Every line of the data below must be output exactly, with images left out.

* SOURCE MATERIAL *

>>>>>

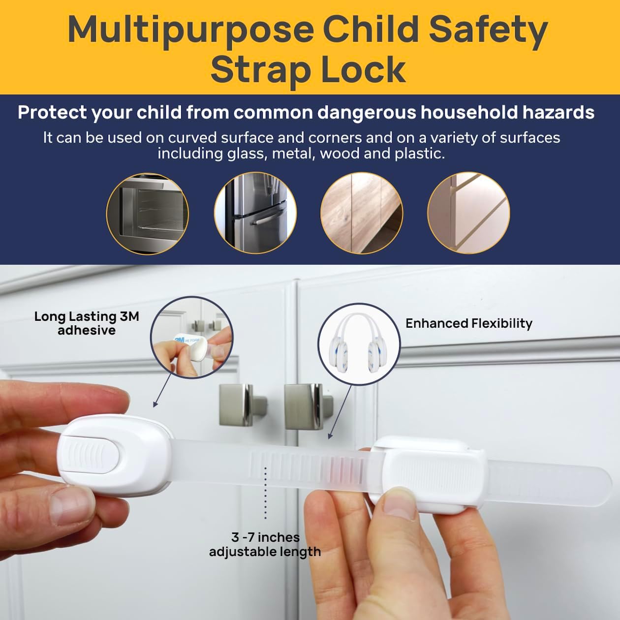 Quick & Easy Installation: With the tools provided, you can have your new baby safety gate installed in minutes. The multipurpose baby proofing cabinets safety strap locks come with long lasting 3M adhesive pads so that you can install them in a breeze, making the process effortless for you. Secure your house with this baby proofing comprehensive package and give your child and pets a safe place to play without any worries
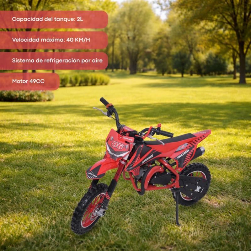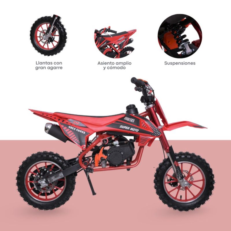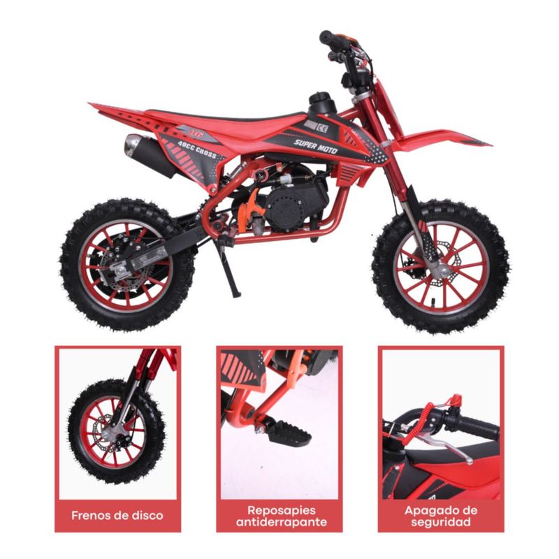 Moto Cross Para Niños Starkids Skr1006 Gasolina Doble Escape Rojo
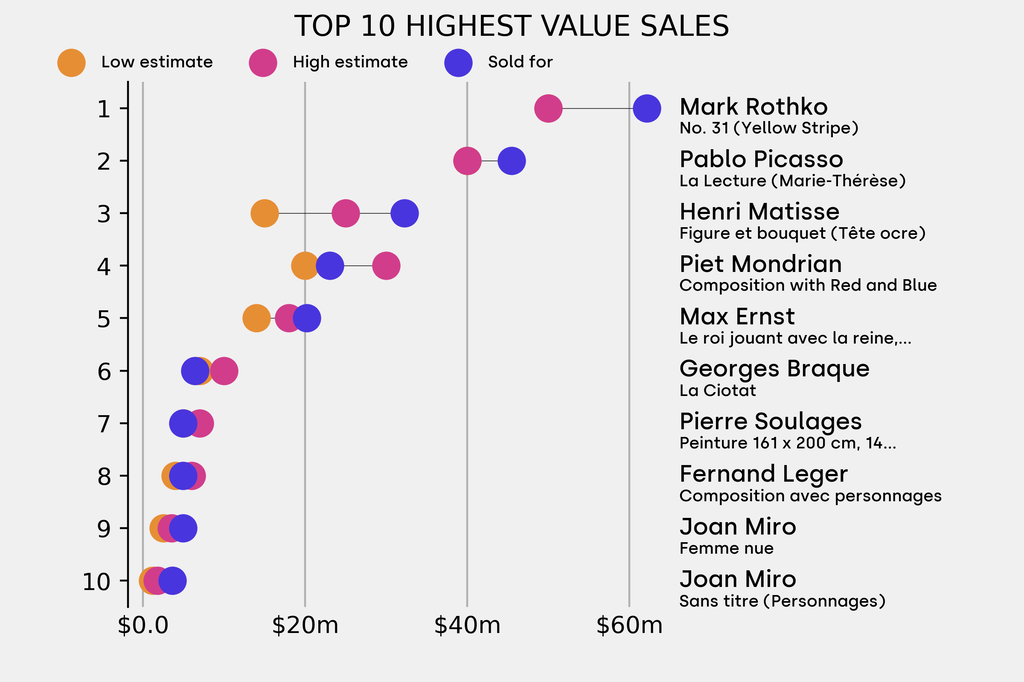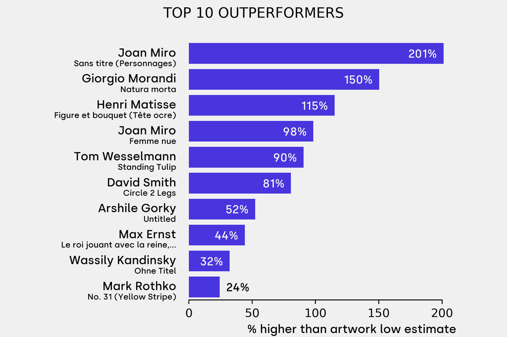 All results include the fees and premiums added to the price of a work of art when the auctioneer's hammer falls. Sale prices are compared to the auction house’s low estimate, which do not include premiums.

<<<<<

* TASK RESULT *
 Quick & Easy Installation: With the tools provided, you can have your new baby safety gate installed in minutes. The multipurpose baby proofing cabinets safety strap locks come with long lasting 3M adhesive pads so that you can install them in a breeze, making the process effortless for you. Secure your house with this baby proofing comprehensive package and give your child and pets a safe place to play without any worries
 Moto Cross Para Niños Starkids Skr1006 Gasolina Doble Escape Rojo
 All results include the fees and premiums added to the price of a work of art when the auctioneer's hammer falls. Sale prices are compared to the auction house’s low estimate, which do not include premiums.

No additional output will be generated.